Stronger U.S. Durables Orders Point to Solid Business Spending
(Bloomberg) -- Orders for U.S. durable goods surged in January by the most in six months, fueled in part by equipment demand that points to another strong quarter for business investment.
Bookings for durable goods -- or items meant to last at least three years -- increased 3.4% from the prior month after an upwardly revised 1.2% gain in December, Commerce Department figures showed Thursday.
Core capital goods orders, a category that excludes aircraft and military hardware and is seen as a barometer of business investment, rose 0.5% after an upwardly revised 1.5% gain. Shipments of such goods jumped by the most in three months.
Total factory production is approaching pre-pandemic levels and the value of core business goods orders is well above where it was a year ago. They rose to a fresh record high last month, helped by more bookings for computers and electrical equipment.
Shipments of non-defense capital goods minus aircraft, a figure used to calculate investment in the government’s gross domestic product report, jumped 2.1% in January. Some economists, including those at JPMorgan Chase & Co., indicated first-quarter business spending may be stronger than expected following the advance.
“The January durable goods report, packed with upside surprises, signals manufacturing and equipment spending are off to a strong start to 2021, and indicates that it is not just the consumer propelling a pickup in growth,” Wells Fargo & Co. economists Tim Quinlan and Sarah House said in a note.

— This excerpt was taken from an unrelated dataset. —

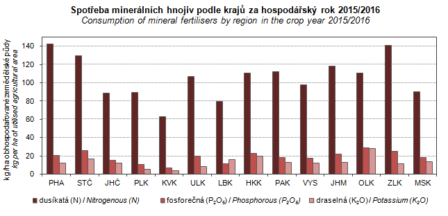 Graph 27. Consumption of mineral fertilisers by region in the crop year 2015/2016

A separate Commerce Department report Thursday showed GDP rose at an annualized pace of 4.1% in the final three months of the year, supported by a 25.7% annualized surge in equipment investment.

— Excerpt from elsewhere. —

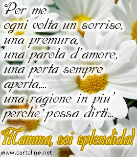 Lettera alla mamma: più di 45 emozionanti lettere ... Lettera alla mamma. Una lettera ad una mamma speciale è un modo molto carino per dimostrarle il nostro affetto. Le mamme si stupiscono e si commuovono quando leggono una lettera di una figlia alla mamma, ma anche di un figlio.Ecco allora tanti spunti per delle lettere dolci per la mamma.. Carissima mamma, ti scrivo questa lettera senza un motivo in particolare. LETTERA A MIA MAMMA ( UNA FIGLIA) - Meravigliosa da leggere Lettera a mia mamma: A te, che sei capace di affrontare la vita grazie alla forza che spesso a me manca. A te che sei sempre dalla mia parte, nonostante i difetti che ho e la mia testa che spesso non ti ascolta. Per te, che dopo ogni sconfitta ritrovo, che sei pronta a sorreggermi, dandomi la forza di risalire e risollevarmi ogni volta. Lettera a mio figlio in occasione della giornata della ... Mentre guardo mio figlio dormire gli scrivo questa lettera che volevo condividere con tutte voi mamme e donne. A mio figlio: Questi sono i giorni contro la violenza sulle Donne e oggi più che mai il mio impegno di madre di un maschietto si concentra. Ti prometto che ti aiuterò a capire che uomo e donna sono diversi, ma perfettamente compatibili. bellissima lettera di una madre a sua figlia Il senso di queste parole nella lettera di una madre a suo figlio. In questa lettera di una madre qualsiasi, vediamo trionfare e consolidare lâ amore di due giovani attraverso il matrimonio, ma in essa emerge anche un altro tipo di amore, quello per la propria figlia ormai cresciuta. Ed è in quel momento che bisogna scegliere.

Looking ahead, fiscal relief paired with more widespread vaccinations and prospects of infrastructure spending should support business investment, while shoring up finances of the unemployed.
There are some signs the damaged labor market is improving slightly. According to a Labor Department report on Thursday, applications for state jobless benefits fell to the lowest level since November as coronavirus infection rates fell and more people received vaccinations. The data may have also been influenced by the Presidents’ Day holiday.

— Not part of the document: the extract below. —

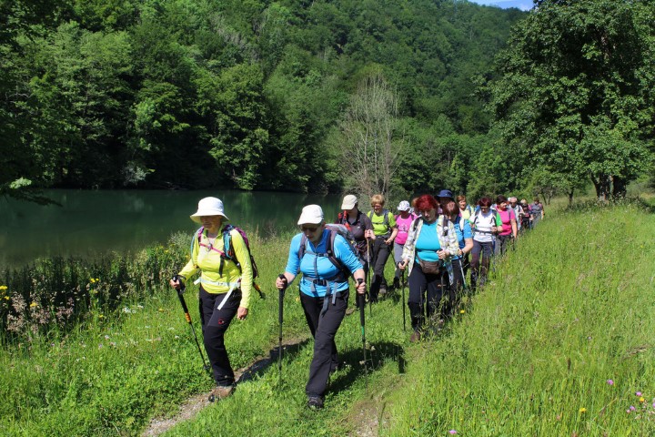 Bilo mi je vroče in pogled na izvir Trpotec z vodo večne mladosti je osvežujoče vplival name in druge pohodnike, ko je izpod sklanega brega v obliki tolmuna odtekal v reko. Kmalu smo videli, kako bobneče se je mirna reka raztogotila, ko je pri enem najstarejših belokranjskih mlinov v vasi Breg neustavljivo drla čez stari jez v obliki ribje luske. Tako je Kolpa na poti proti jugu upočasnjevala in spet pospeševala svoj tok. Ritem moje hoje se je stapljal s pogledom na vodo v odtenkih zelene in na cesto v zelenju dreves na nasprotnem bregu. Čez čas smo nad stezo pred seboj opazili ostanke zavrženih oblačil in mokrih spalnih vreč ljudi, ki so tu čez iskali vrata v boljše življenje, medtem ko so visoke ograje molčale njihove zgodbe. Približali smo se mokremu skalovju pred vhodom v kraško jamo Kobiljačo, kmalu pa smo desno spodaj opazili tudi oznako za Francoski kamen, ob katerem so domačini nekdaj v zgodovini pobili francoske vojake.

A host of data ranging from housing to manufacturing to retail sales point to firmer economic growth at the start of 2021. Reports out earlier this month showed retail sales exceeded economists’ estimates and manufacturing production rose for a fourth-straight month.
The jump in overall durables orders reflected huge increases for aircraft and defense hardware. Excluding defense, bookings rose 2.3% in January.
U.S. planemaker Boeing Co. reported 4 orders in January, following 90 in December. While not directly comparable on a month-to-month basis, the jump in Boeing’s orders at the end of 2020 helps explain the almost 390% surge in bookings for commercial aircraft.
Rebuilding diminished inventories has also been a key tailwind for factories. The value of durable goods inventories shrank 0.3%, after falling 0.2% in December.
- Excluding transportation, durable goods orders rose a more moderate 1.4% after a 1.7% December gain
- Orders for computers and related products climbed 8.7% in January, while bookings for electrical equipment and appliances rose 4.2%
- The median estimate in a Bloomberg survey of economists called for a 1.1% increase in total durables orders. The median forecast for core capital goods called for a 0.8% gain after a previously reported 0.7% December increase.